* **Task to complete**
Starting with the line below that holds "Benchmark M8223 Women's" and stopping after the line that holds "Dark grey wool", transcribe the lines exactly, leaving out all pictures.

* **Records for this exercise**

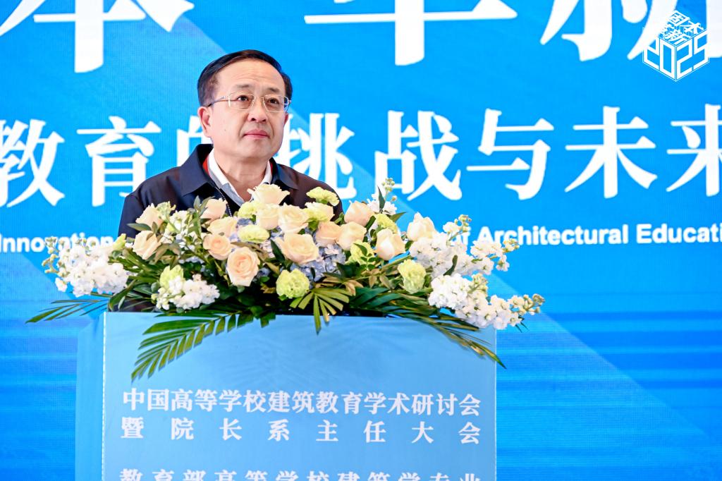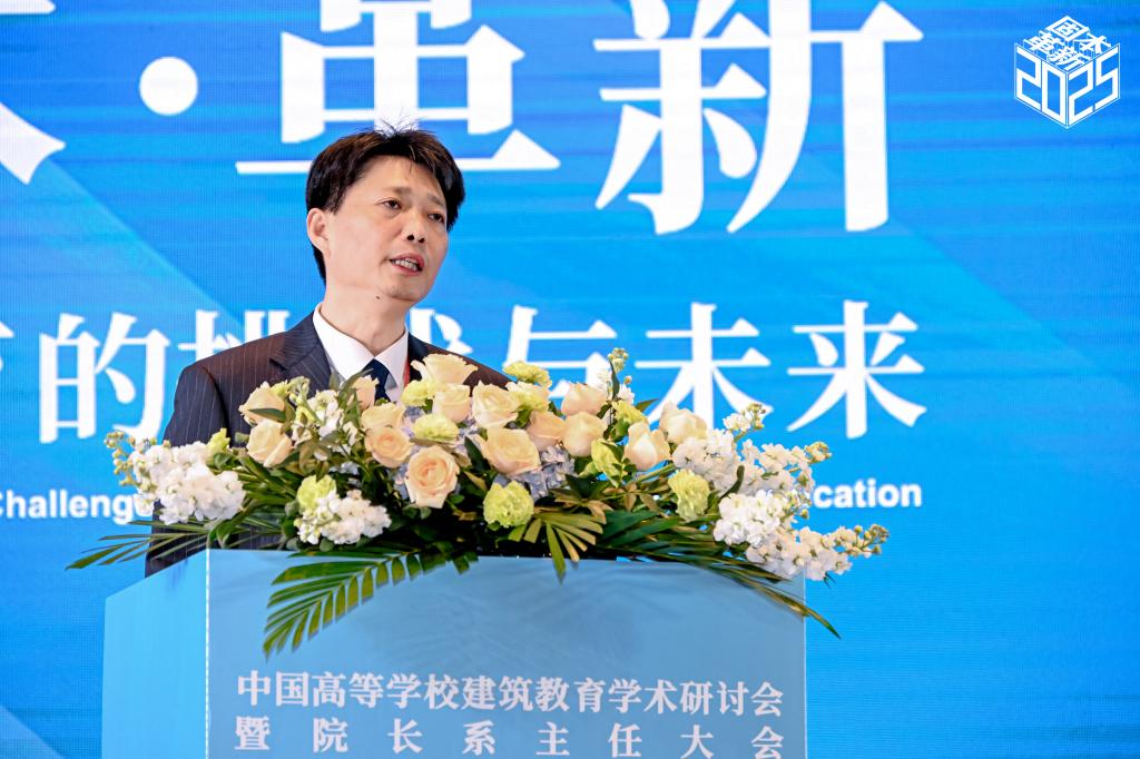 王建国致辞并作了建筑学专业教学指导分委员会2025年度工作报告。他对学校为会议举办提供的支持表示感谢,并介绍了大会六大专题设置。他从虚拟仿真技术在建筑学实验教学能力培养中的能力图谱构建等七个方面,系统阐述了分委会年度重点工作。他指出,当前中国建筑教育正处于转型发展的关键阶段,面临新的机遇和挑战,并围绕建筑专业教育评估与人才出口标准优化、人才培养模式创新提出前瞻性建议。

--

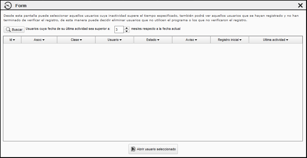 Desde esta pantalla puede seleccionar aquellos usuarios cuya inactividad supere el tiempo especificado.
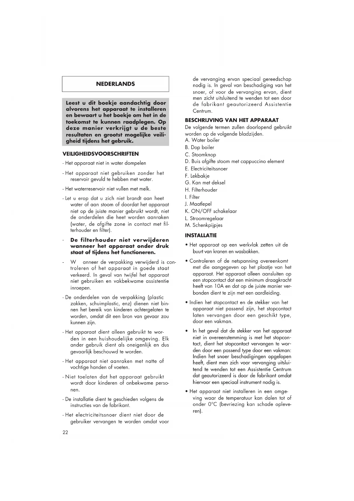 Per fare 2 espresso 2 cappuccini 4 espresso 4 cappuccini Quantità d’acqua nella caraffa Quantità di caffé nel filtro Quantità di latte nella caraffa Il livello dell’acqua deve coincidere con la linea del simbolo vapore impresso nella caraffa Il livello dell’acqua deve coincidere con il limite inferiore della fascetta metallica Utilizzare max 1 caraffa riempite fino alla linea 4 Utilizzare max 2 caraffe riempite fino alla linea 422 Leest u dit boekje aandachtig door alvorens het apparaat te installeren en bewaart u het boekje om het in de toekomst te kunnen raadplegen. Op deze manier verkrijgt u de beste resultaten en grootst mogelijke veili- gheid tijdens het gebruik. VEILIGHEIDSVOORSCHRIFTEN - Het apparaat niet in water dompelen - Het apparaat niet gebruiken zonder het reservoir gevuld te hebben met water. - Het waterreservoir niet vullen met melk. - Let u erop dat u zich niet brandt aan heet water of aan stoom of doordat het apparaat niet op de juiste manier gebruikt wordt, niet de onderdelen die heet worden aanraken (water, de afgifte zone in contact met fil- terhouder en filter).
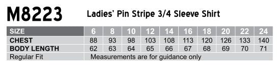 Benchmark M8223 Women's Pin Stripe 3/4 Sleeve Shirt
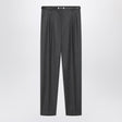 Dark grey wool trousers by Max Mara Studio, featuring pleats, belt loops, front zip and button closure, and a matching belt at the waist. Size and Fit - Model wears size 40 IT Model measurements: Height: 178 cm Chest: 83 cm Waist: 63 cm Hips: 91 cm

* **Response to this task**
 Benchmark M8223 Women's Pin Stripe 3/4 Sleeve Shirt
 Dark grey wool trousers by Max Mara Studio, featuring pleats, belt loops, front zip and button closure, and a matching belt at the waist. Size and Fit - Model wears size 40 IT Model measurements: Height: 178 cm Chest: 83 cm Waist: 63 cm Hips: 91 cm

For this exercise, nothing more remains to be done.